----- EXCERPTED RECORDS -----

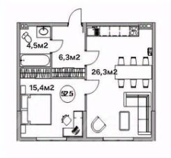 Предлагаемая квартира расположена на 2 этаже, общая площадь 52 м2. Состоит из просторной кухни-гостиной 26,3 м2 с возможностью зонирования, и уютной спальни 15,4 м2 с нишей под просторный встроенный шкаф. Прихожая 6,3 м3 удобной квадратной формы и санузел 4,5 м2. Планировки квартир в ЖК "Мечта" выгодно отличаются от других новостроек нашего города. Высота потолков 2,9 м, панорамное остекление (высота окон 2,6 м), делает пространство максимально воздушным и светлым.
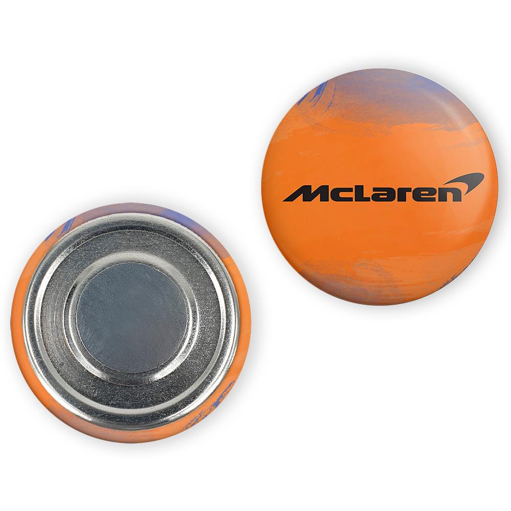 مگنت مک لارن Mclaren خندالو با روکش سلفون مات مخملی ضدخش و قطعه پشتی فلزی تولید شده است که آهنربای اتمی بکار برده شده در محصول، بصورت مخفی تعبیه شده ودیده نمی شود. ضمن اینکه گیرایی بسیار بالایی داشته و به هیچ عنوان از روی یخچال نمی افتد.
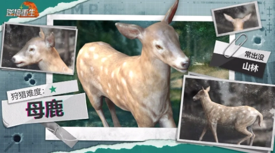 逆境重生中,母鹿的出没位置通常在山林之中。与此同时,山林里还存在着大量较为基础的初级食草动物。在刚开始的时候,不妨先挑选这类简单的动物进行狩猎。而当拥有工具和武器后,便能够去挑战难度更高的动物,如此一来,所能获取的资源也会相对更多。
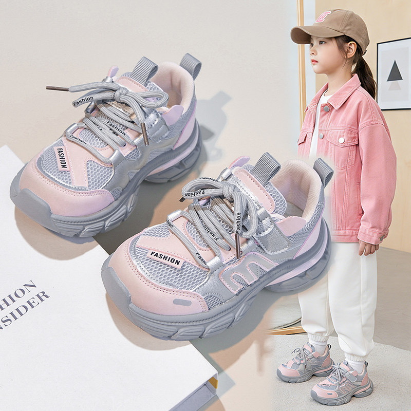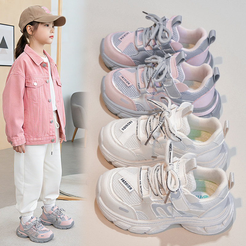 女童老爹鞋春秋季新款男童网面透气防滑儿童魔术贴运动鞋百搭童鞋
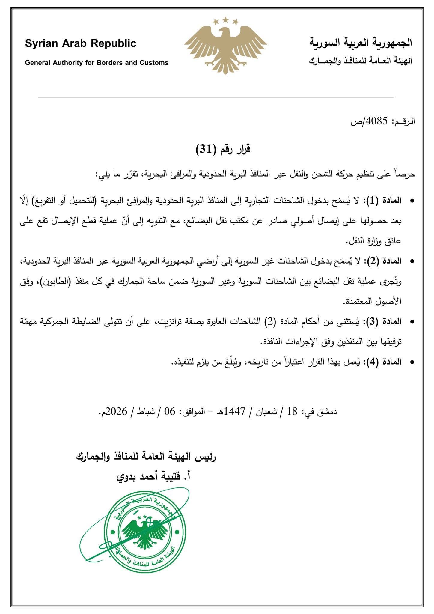 فيما يلي صورة القرار الصادر عن الهيئة العامة للمنافذ والجمارك السورية.
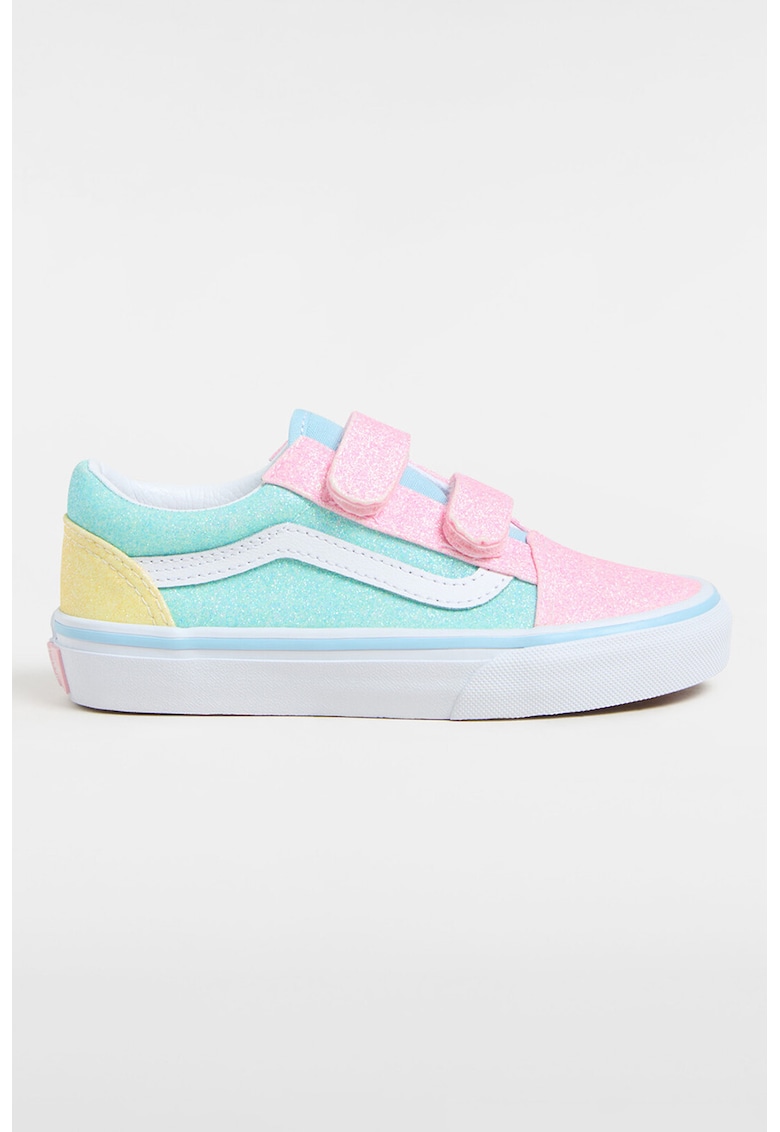 - albastru glaciar Imprimeu: uni Stil: casual Material: piele ecologica Sistem inchidere: velcro Tip talpa: plata Detalii: aspect stralucitor
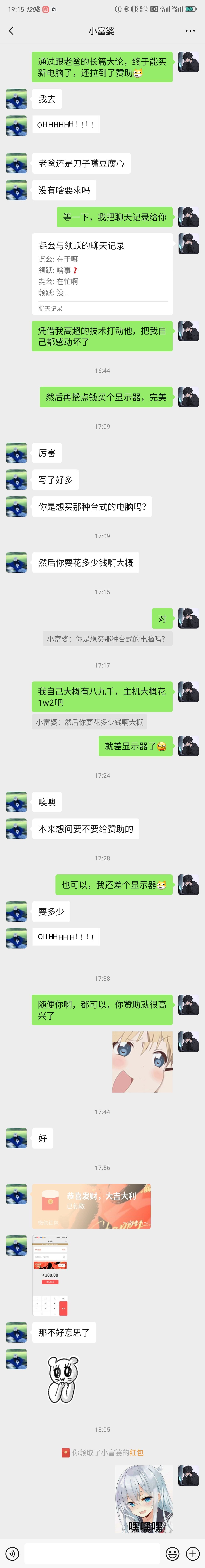 買了筆記本之後,lz這一年多以來真的是太痛苦,很多遊戲都玩不了,就一直想換個電腦,去年lz妹妹高考結束步入大一,雙11的時候她也要買電腦了,就想着以舊換新把現在這臺換了(lz這一年以來寒暑假通過和老爸幹活還有實習,攢了一些錢),其實lz也想過把這臺給妹妹,畢竟她也不玩遊戲,但是lz一想啊,每個人肯定都希望能擁有一臺新的電腦啊,把舊的給妹妹對她不公平,就放棄了(我感覺我如果跟妹妹說了這個想法她真的會同意),等妹妹買完之後和老爸說了換電腦的想法,但是沒有同意,就放棄了(圖2)。
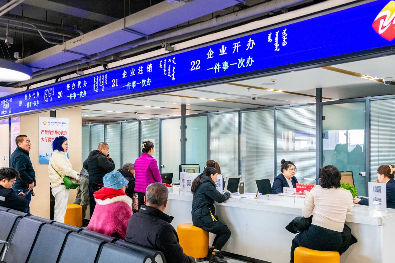 3月7日,人们在呼和浩特市玉泉区政务服务大厅“帮办代办服务台”办理业务。新华网发(丁根厚 摄)
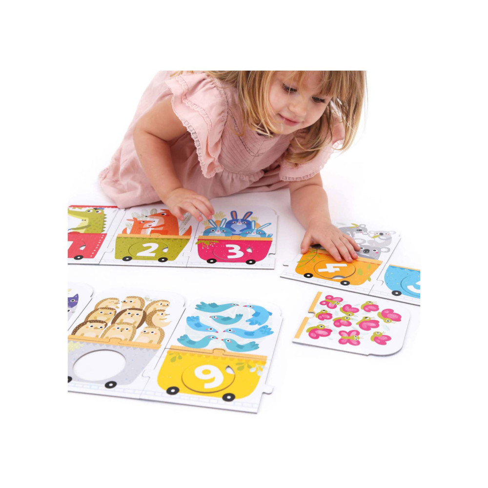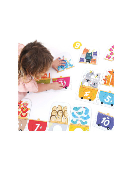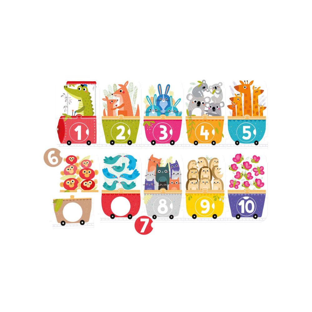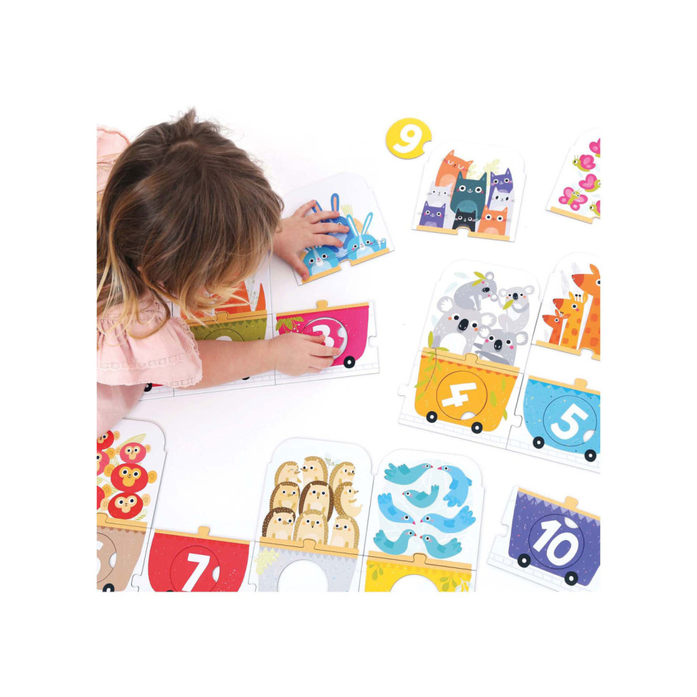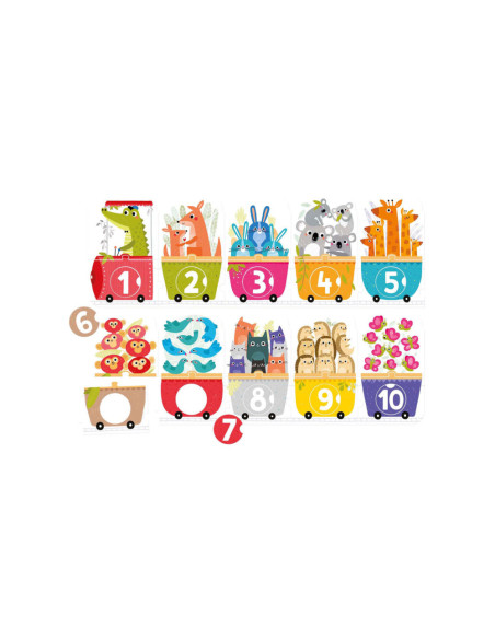 1... 2... 3... Het is tijd voor een reis naar de wereld van de getallen. Zet de wagons bij elkaar en beslis dan wie er in elke wagen gaat zitten. Allemaal instappen!

-----

Please retype the entries above word for word, but only from the line containing "買了筆記本之後,lz這一年多" through the last line, and without the pictures.

#### OUTPUT
 買了筆記本之後,lz這一年多以來真的是太痛苦,很多遊戲都玩不了,就一直想換個電腦,去年lz妹妹高考結束步入大一,雙11的時候她也要買電腦了,就想着以舊換新把現在這臺換了(lz這一年以來寒暑假通過和老爸幹活還有實習,攢了一些錢),其實lz也想過把這臺給妹妹,畢竟她也不玩遊戲,但是lz一想啊,每個人肯定都希望能擁有一臺新的電腦啊,把舊的給妹妹對她不公平,就放棄了(我感覺我如果跟妹妹說了這個想法她真的會同意),等妹妹買完之後和老爸說了換電腦的想法,但是沒有同意,就放棄了(圖2)。
 3月7日,人们在呼和浩特市玉泉区政务服务大厅“帮办代办服务台”办理业务。新华网发(丁根厚 摄)
 1... 2... 3... Het is tijd voor een reis naar de wereld van de getallen. Zet de wagons bij elkaar en beslis dan wie er in elke wagen gaat zitten. Allemaal instappen!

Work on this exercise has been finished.